_TRY IT_
Every picture stays out; everything else in the listing below is to be returned exactly.

_DATASET EXTRACT_
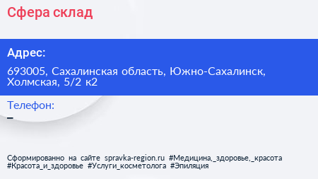 Сфера, склад по адресу 693005, Сахалинская область, Южно-Сахалинск, Холмская, 5/2 к2 в дальнейшем Организация, размещена в следующих категориях:
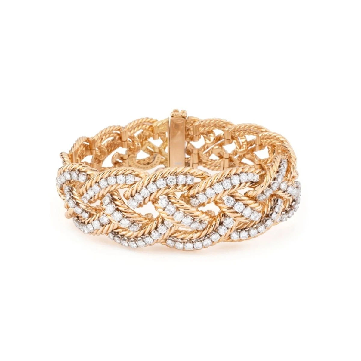 Bracelet Maille Tressé BOUCHERON « Vannerie » En Or Jaune Et Diamants
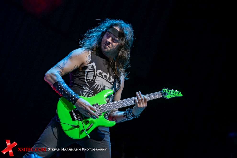 KREATOR starten ihr Heimspiel – wie könnte es anders sein – mit „Hate Über Alles“, würdig in Szene gesetzt durch mächtige Flammensäulen und vielstimmigen Background Chor des Essener Publikums. Mille Petrozza huscht ob des stimmigen Momentums ein Lächeln über das Gesicht, das nicht ganz zur ansonsten gepflegten Bösewicht-Attitüde passen will. Überhaupt geht es an diesem Abend selbst für KREATOR Verhältnisse ungemein aggressive zur Sache, die Motivation, in einer fast ausverkauften Grugahalle ein Heimspiel zelebrieren zu dürfen, verleiht der Band scheinbar Flügel.
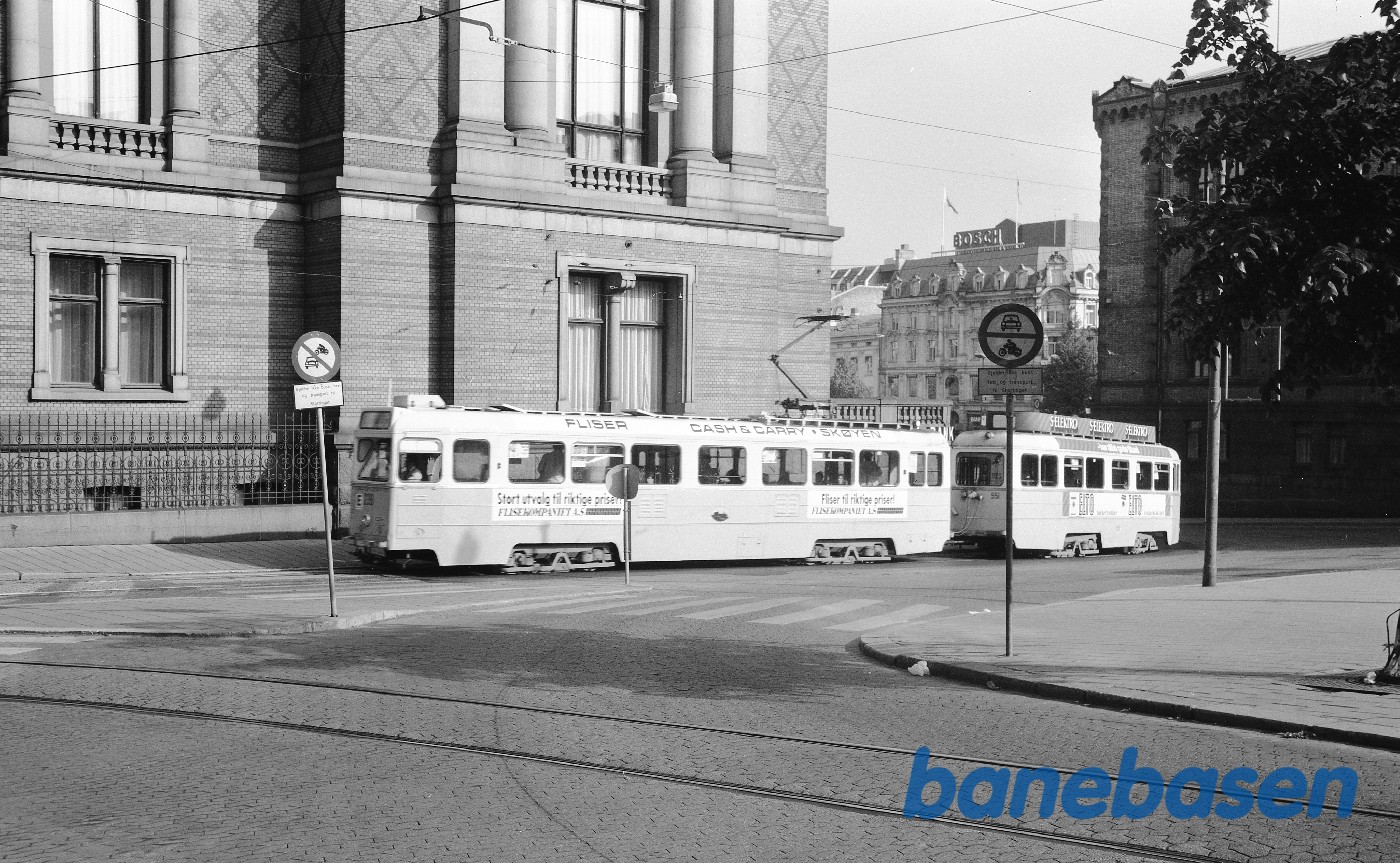 Yderligere beskrivelse:Bildet er tatt på Wessels plass. Sporvognstoget er i ferd med å svinge fra Stortingsgaten og inn i Nedre Vollgate. Bygningen i bakgrunnen til venstre er Frimurerlosjen og til høyre sees litt av Stortinget. Materiellet er levert av Høka/Hägglund i årene 1952-58. 50 motorvogner 204-253 og 30 bivogner 551-580 (563-580 hadde vognkassser fra Strømmens Værksted). Materiellet ble utrangert i årene 1993-1997

_TASK ANSWER_
 Сфера, склад по адресу 693005, Сахалинская область, Южно-Сахалинск, Холмская, 5/2 к2 в дальнейшем Организация, размещена в следующих категориях:
 Bracelet Maille Tressé BOUCHERON « Vannerie » En Or Jaune Et Diamants
 KREATOR starten ihr Heimspiel – wie könnte es anders sein – mit „Hate Über Alles“, würdig in Szene gesetzt durch mächtige Flammensäulen und vielstimmigen Background Chor des Essener Publikums. Mille Petrozza huscht ob des stimmigen Momentums ein Lächeln über das Gesicht, das nicht ganz zur ansonsten gepflegten Bösewicht-Attitüde passen will. Überhaupt geht es an diesem Abend selbst für KREATOR Verhältnisse ungemein aggressive zur Sache, die Motivation, in einer fast ausverkauften Grugahalle ein Heimspiel zelebrieren zu dürfen, verleiht der Band scheinbar Flügel.
 Yderligere beskrivelse:Bildet er tatt på Wessels plass. Sporvognstoget er i ferd med å svinge fra Stortingsgaten og inn i Nedre Vollgate. Bygningen i bakgrunnen til venstre er Frimurerlosjen og til høyre sees litt av Stortinget. Materiellet er levert av Høka/Hägglund i årene 1952-58. 50 motorvogner 204-253 og 30 bivogner 551-580 (563-580 hadde vognkassser fra Strømmens Værksted). Materiellet ble utrangert i årene 1993-1997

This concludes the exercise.